Il y a quelque chose de consolant dans le fait de sentir qu'on partage avec un film un même sentiment (d'épouvante) vis-à-vis du monde du travail. La description est juste, détaillée, sans doute bien renseignée, et sans nuance car il n'y a pas lieu d'en faire.
Le personnage principal se trouve, au fur et à mesure du film, de plus en plus accablé par sa situation d'employé endetté par son employeur, et cet accablement sonne juste parce qu'il se révèle être une prise de conscience, et non simplement un supplice démiurgique un peu appuyé. En vérité la situation est intenable dès le départ, et il est insupportable, pour le spectateur comme pour le fils du héros, que le personnage la tienne. Son calvaire devient donc aussi notre espoir de le voir enfin ouvrir les yeux et changer de paradigme.
Le problème c'est qu'en dehors de cet état des lieux catastrophique, rien ne tient, le personnage est bidimensionnel, la famille est accrochée à ses archétypes, et les scènes qui s'écartent du scénario et de sa mécanique sont trop vite dessinées (et trop souvent escamotées) pour épaissir les affects du film.

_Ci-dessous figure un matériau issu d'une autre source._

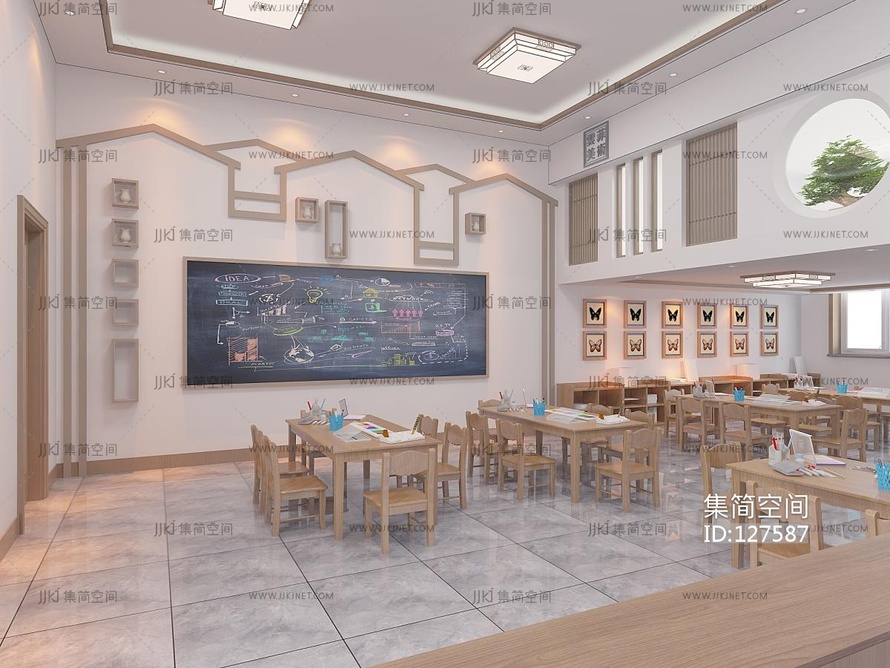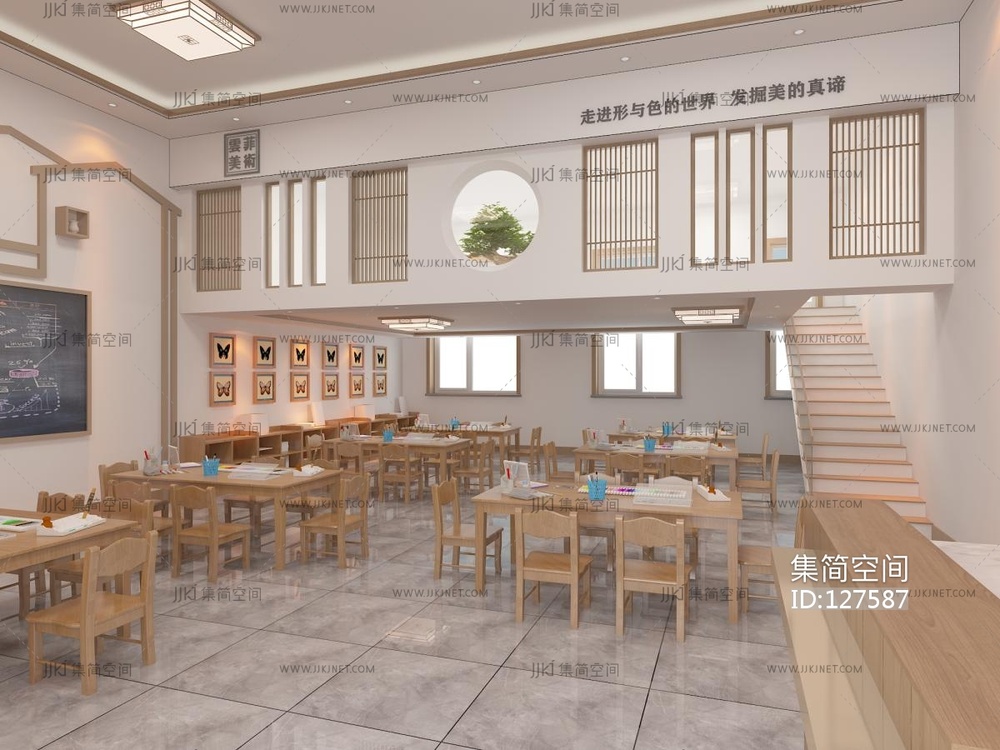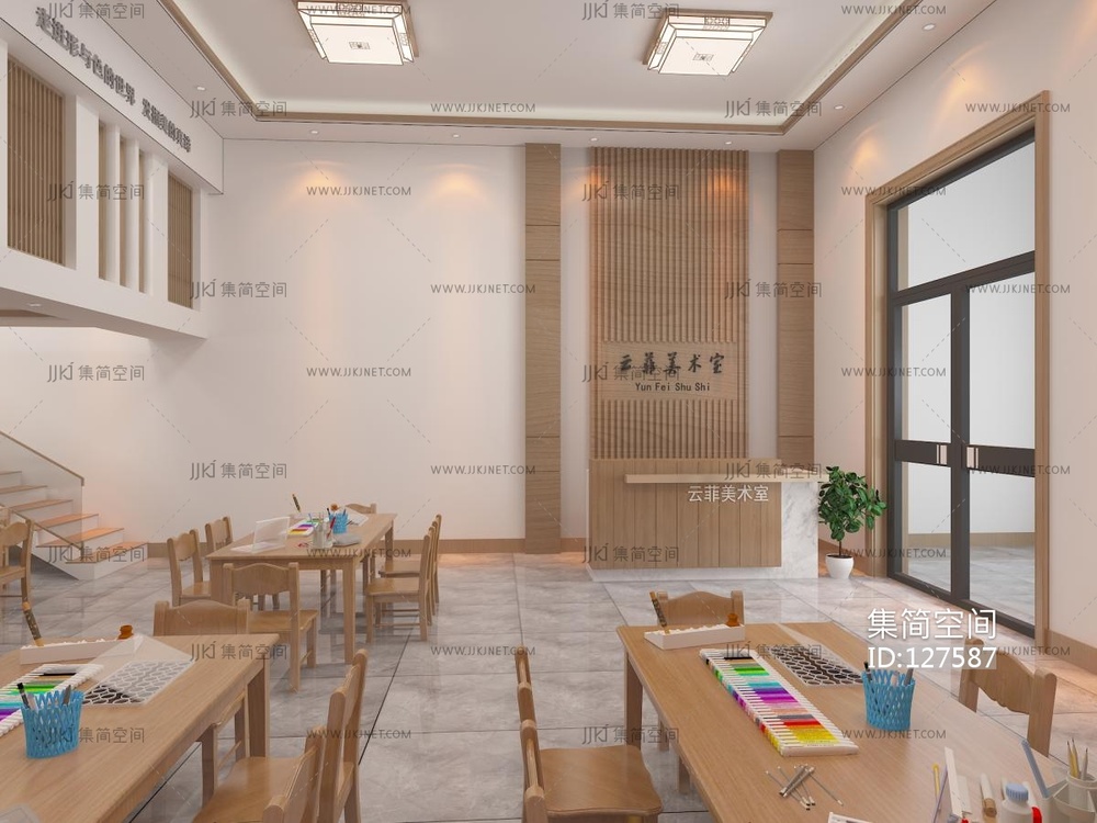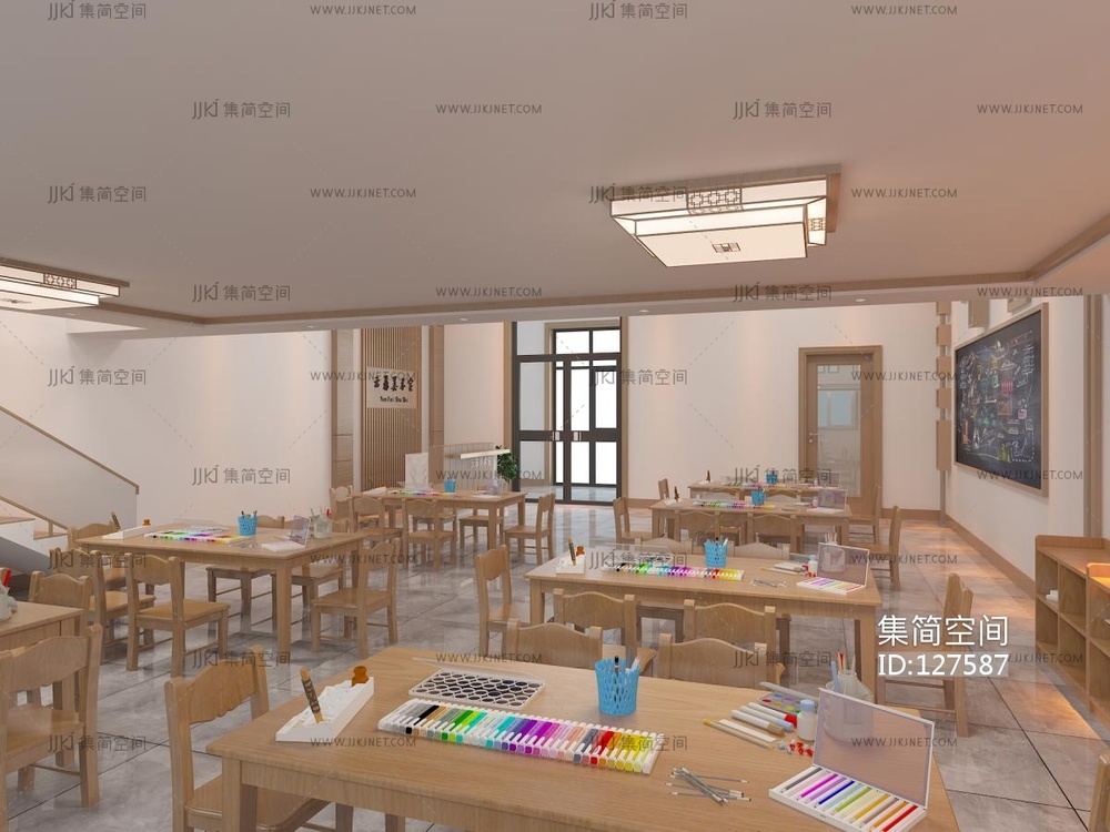 新中式儿童美术室 画室 3d模型下载 [模型ID:127587]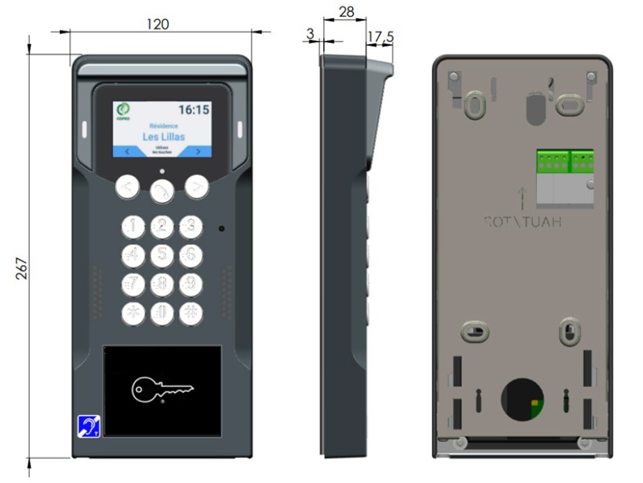 • 1 Only-One opbouw video-intercom met kleuren LCD-scherm en scrollpaneel voor de namen, met gecodeerd toetsenbord met 12 verlichte toetsen en handsfree proximitylezer. Afwerking Zamak

Bien sûr il y a quelques bonnes scènes, et celle-ci notamment, où le mari demande à sa femme où ils en sont de leur amour, et où celle-ci lui répond : je n'en sais rien. Dans cet aveu d'ignorance, on reconnaît la justesse de Ken Loach, sa rigueur mélodramatique, cette façon de toujours suspendre la tendresse sans l'exterminer. En disant cela, la femme ensuite ne claque pas la porte, elle se contente de la refermer et d'aller faire ce qu'elle a à faire.
Mais globalement, on est quand même très loin d'un bon film.